Chaitanya's Blog

Book Notes: Steve Jobs, by Walter Isaacson

Recently finished Steve Jobs, by Walter Isaacson. I know, I know, very late to this book - but given that I don't read much (of anything) non-fiction, I think it was warranted. First book of 2025, and it was quite an engaging one. Thought it dragged on a bit in the middle, but kept at it since the subject matter is something I have kept up in the news and identified. Few notes:

  1. I did not realize how much of a hippie Steve Jobs was - dropping acid, doing fruititarian diets, walking without footwear in San Francisco, joining a "commune" in Oregon, not wearing deo because he thought him ditching starchy food will make him smell good??? - Atari almost did not hire him because he was unhygenic, reading Autobiography of a Yogi so many times, etc. I had obviously heard of his India trip with Dan Kottke, but was blissfully unaware of all this detail.
  2. This "Woz" vs "Jobs" is a bit pointless. Jobs clearly was the ambitious one, Woz didn't even want to build a company. Credits where it is due in terms of work, but I don't think we would be having this debate if not for Jobs.
  3. For some reason I thought of the "end to end control" as more of a newer phenomenon with the App Store etc.
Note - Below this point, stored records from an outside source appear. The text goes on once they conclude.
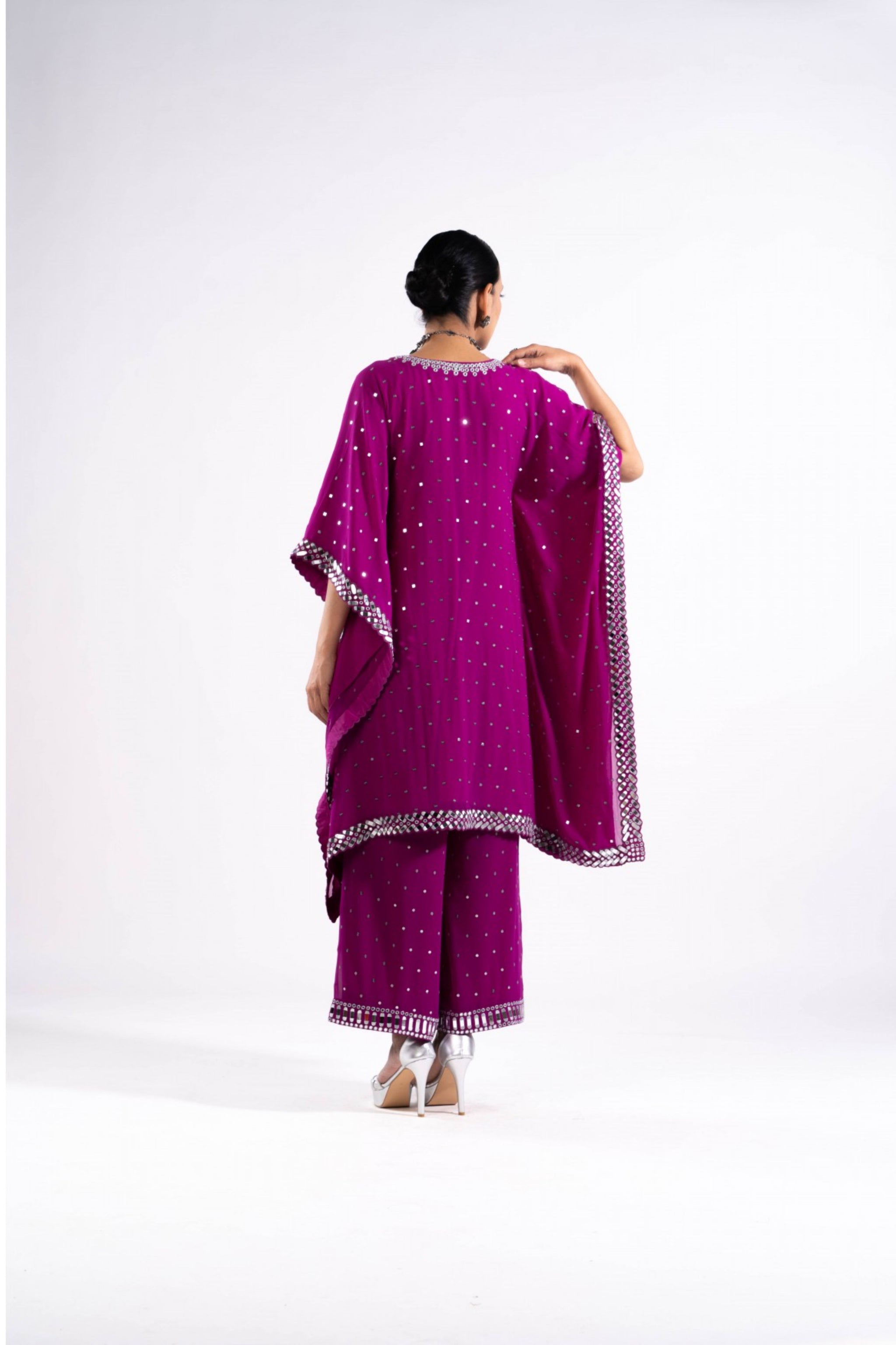 • Real hand cut mirror and chheeta work kaftan paired with palazzo pants.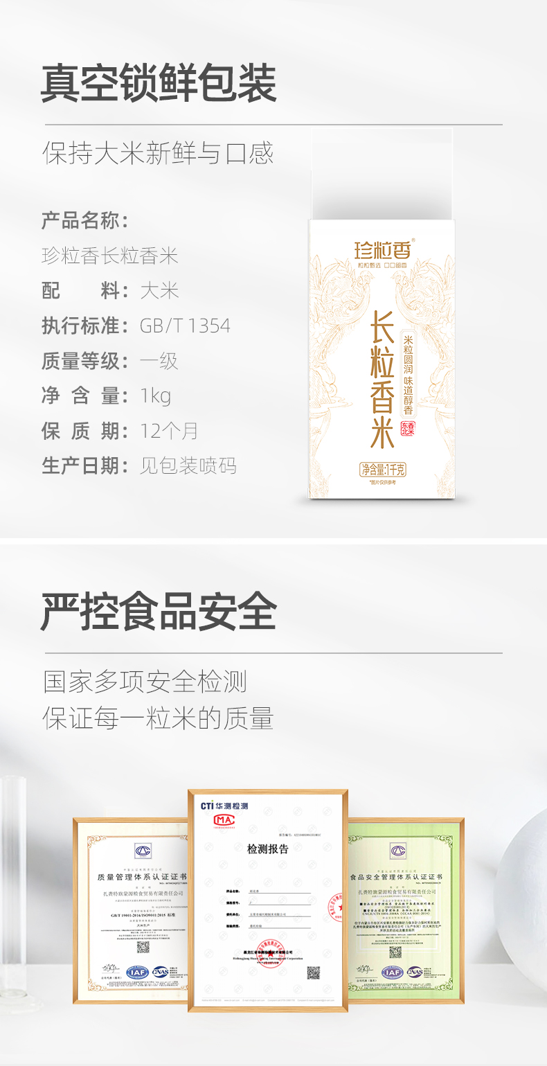 商品名称:珍粒香长粒香大米1KG 单位:包 钢琴白
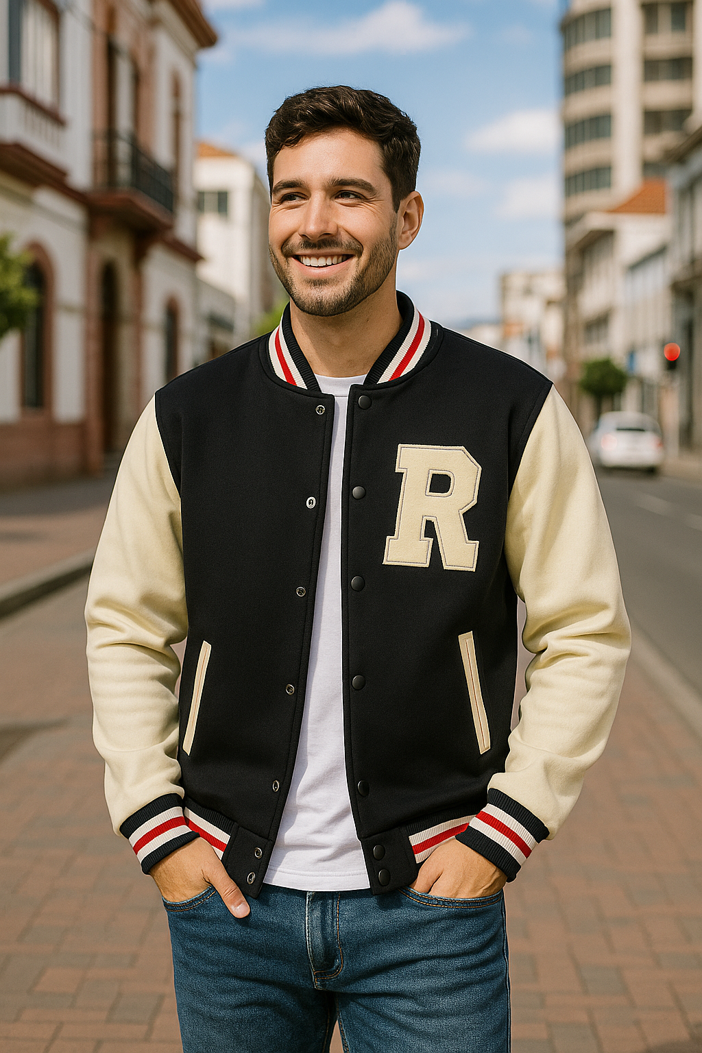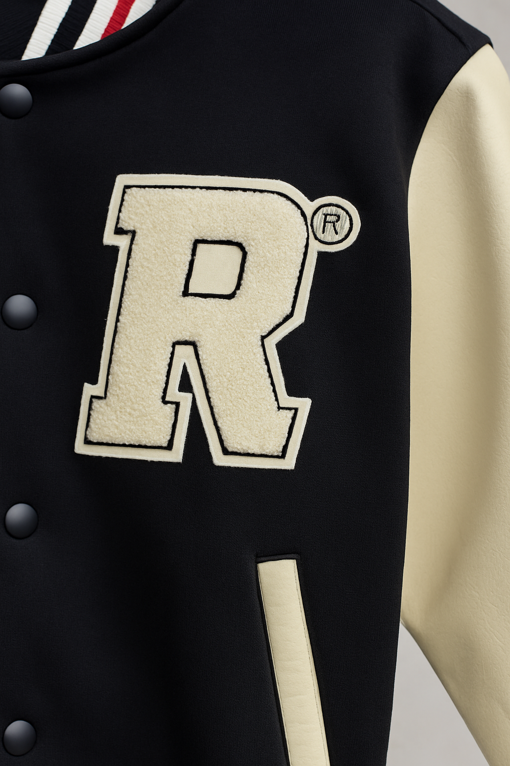 Diseñada con mangas de cuero sintético, cuerpo en tela resistente y cuello redondo con detalle de línea roja, esta chaqueta no solo resalta visualmente, sino que también ofrece confort y durabilidad. El logo R&R bordado aporta identidad y carácter, mientras que los botones a presión en el frente completan su estética retro-college con un toque contemporáneo.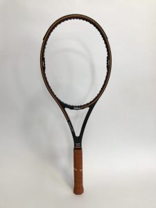 このラケットは、エドバーグやサンプラスなど、数々のチャンピオンが使用した名器です。ラケット面のサイズは85平方インチ、今では考えられない程の小さな面のラケットです。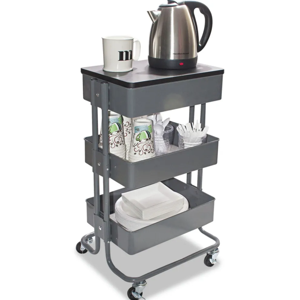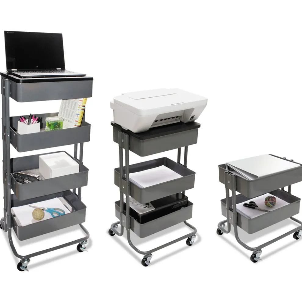 Build your own desk space with this versatile workstation and storage cart by Vertiflex. Heavy-duty, metal construction with a removable MDF top tray. Center two baskets are adjustable in height, providing 3 different variations. Can be configured with four baskets as a standing laptop station, three baskets for deskside storage, or two baskets for under-desk use. Rolls smoothly on four casters, two locking. Fully assembled dimensions: 15.25 x 11.25 x 39.

But it being alive since then is quite crazy, its like his dream come true.
  4. I admire his decisiveness, conviction on what he thinks is right, attention to detail, obsession on getting design right and making design as simple as possible.
  5. Although, it is really hard to believe how much of the actual product details went through his direct review given he is a CEO - the book makes it seem like every decision taken on the product was him, and not the hundreds of talented people in the company.
  6. It is funny to watch his rivalry with Bill Gates, both seem like they deserve each other.
  7. He is an asshole, so I do not admire him as a person.